And a woman who held a babe against her bosom said, speak to us of Children.
And he said:
Your children are not your children.
They are the sons and daughters of Life’s longing for itself.
They come through you but not from you,
And though they are with you yet they belong not to you.
You may give them your love but not your thoughts,
For they have their own thoughts.
You may house their bodies but not their souls,
For their souls dwell in the house of tomorrow, which you cannot visit, not even in your dreams.
You may strive to be like them, but seek not to make them like you.
For life goes not backward nor tarries with yesterday.
You are the bows from which your children as living arrows are sent forth.
The Archer sees the mark upon the path of the infinite, and He bends you with his might that His arrows may go swift and far.
Let your bending in the Archer’s hand be for gladness;
For even as He loves the arrow that flies, so He loves also the bow that is stable.
It is almost impossible to find a book comparable to Kahlil Gibran’s The Prophet, for the simple reason that it has a tremendous inner consistency: first he talks about love, then he talks about marriage and now he’s going to talk about children. This is how the river of life flows – from love to marriage to children.
And a woman who held a babe against her bosom said, speak to us of Children.
Before I start my meditations on Kahlil Gibran, one more thing has to be noted – that all three of these questions have come from women. Men also ask questions but they are always abstract, about God – who the hell is this guy? Just an invention of man’s mind, and nothing much, it is not an authentic question – about heaven and hell and about thousands of other things, but all abstract. They don’t touch your life at all. You can live perfectly well without a God. In fact, you are living perfectly well – whether God is or not makes no difference to you.
I have seen the theists and I have seen the atheists. If you talk to them, their ideas are just diametrically opposite to each other. But if you look at their lives they are the same. You can see their real problems by observing their lives: they are about love, they are about marriage, they are about children. But in their books, in their philosophies, they are talking about things which do not matter at all.
Do you see the difference? The woman is more realistic, more pragmatic, more earthbound. She has roots. Her inquiries are not just games and puzzles about empty words. And, for centuries, the woman has not been allowed even to ask. It is because of this that people’s minds are full of all kinds of garbage and their lives are empty. They do not know anything about the real problems that have to be encountered every moment, from the cradle to the grave.

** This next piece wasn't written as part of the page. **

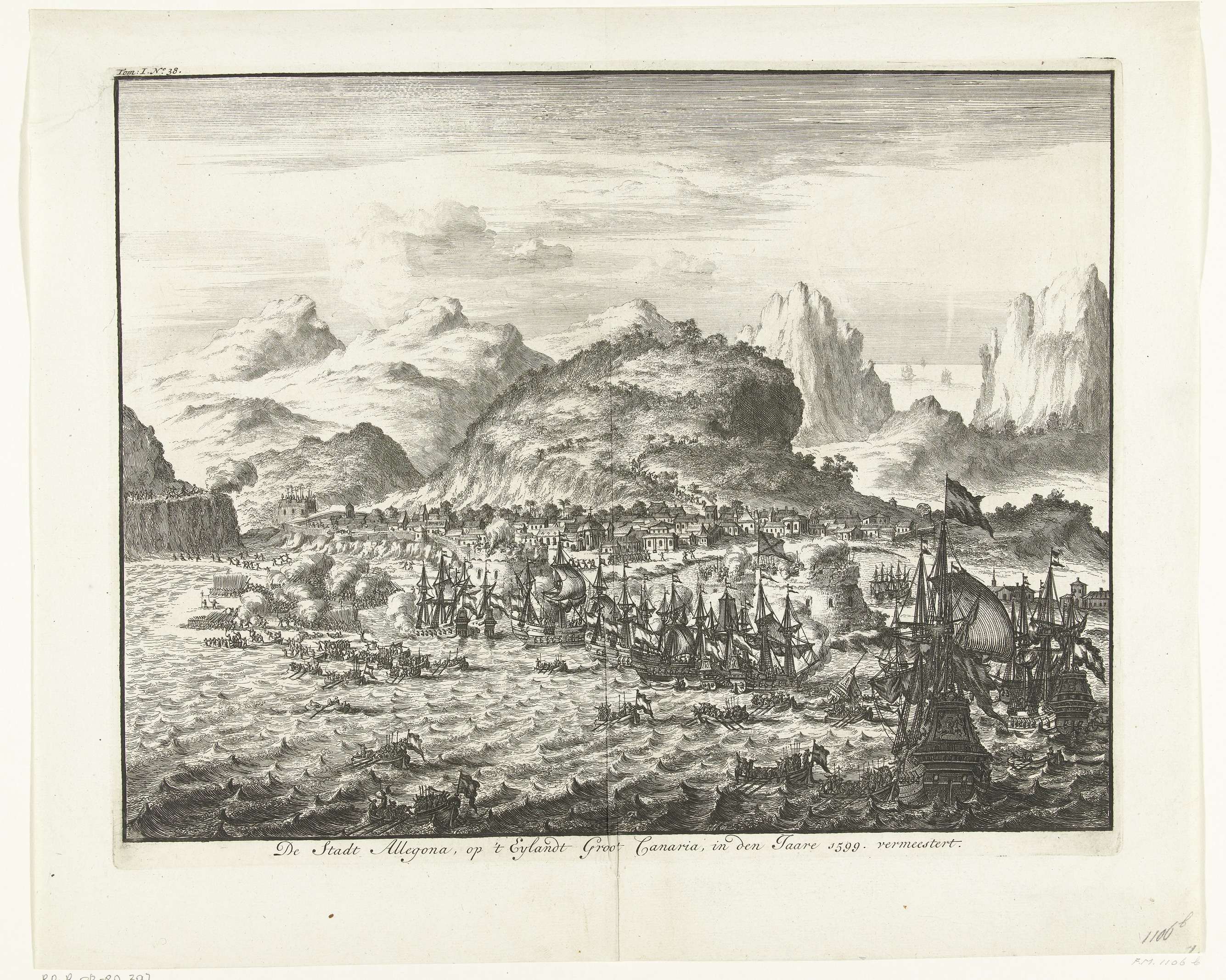 Verovering van het eiland Gran Canaria en de stad Allagona door de Staatse vloot onder admiraal Pieter van der Does, 26 juni 1599. Op de voorgrond de Nederlandse vloot, vanaf forten aan de kust beschieten de Spanjaarden de Hollandse schepen.

A great philosopher of India, a contemporary man, Dr. Ranade was the most respected and the most learned scholar, logician. He was a professor of philosophy at the University of Allahabad. In his days, the department of philosophy at the University of Allahabad had become the most prominent department of philosophy in India, and India has almost one thousand universities.
I saw him just a few days before he died. He was very old, retired, but still people used to come from far and wide – not only from this country but from all over the world – to ask questions, to inquire.
I was sitting with him. He said to me: “What are your questions?”